叶わぬ恋だと分かっていても
*俺だけの特権
「あのね、《《なおちゃん》》、私、市役所の臨時雇いの更新、次はしないでおこうと思うの」

 ブラウスの前を肌蹴られて、スカートの中は何も身につけていない状態で彼と繋がっている。

 向かい合うような格好で、後部シートに座る緒川さん(なおちゃん)の上に(またが)った状態で交わしていた口付けを(ほど)くと、私は静かにそう告げた。

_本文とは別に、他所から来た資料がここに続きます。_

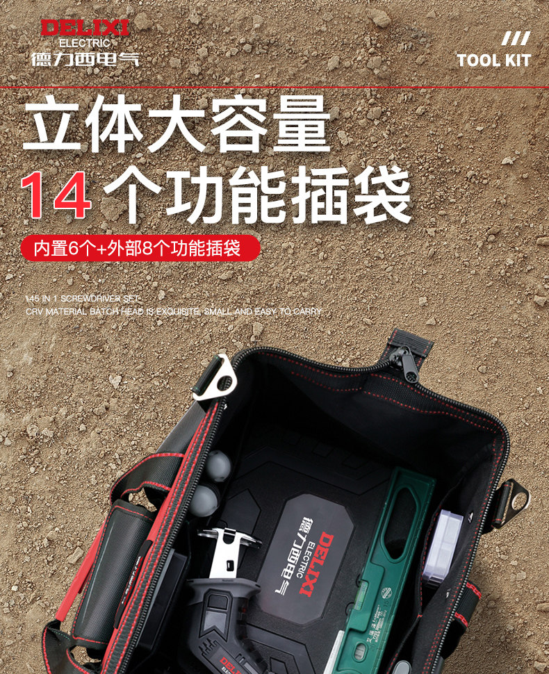 Delixi Electric Tool Bag Is a Sturdy and Durable Canvas Multi-Functional Portable Storage Bag for Electrician Hardware Boxes

「正社員の仕事を……探そうと思ってて――、んっ……」

 今、彼から離れたばかりの唇を割り開くように節くれだった男らしい無骨な指が侵入してくる。
 その指先に口中を好き勝手に侵蝕されながら、ぼんやりと考える。


 今まで私は1年半近く、正規雇用職員ではない、雇用期限のある雇われ方のもと、数ヶ月単位でほんの少しのお休みを挟んでは市役所内の課を渡り歩くような仕事の仕方をしてきた。

 最初はなおちゃんと同じ課。
 半年経った頃に、別の課――下水道課――へ配属になって。
 それを機になおちゃんから告白されたのが数ヶ月前のこと……。


 下水道課での雑務も、そろそろ半年。任期が切れる頃合いだ。

 少しお休みをしてまた別の課へ行くか。もう辞めてしまうかを選択しないといけない。

 今までは何とも思っていなかった、そんな根無草(ねなしぐさ)のようなふわふわとした働き方が、何だか急に虚しくなって。

 下水道課での任期を満了したら、もうこの仕事は続けまいって心に決めた。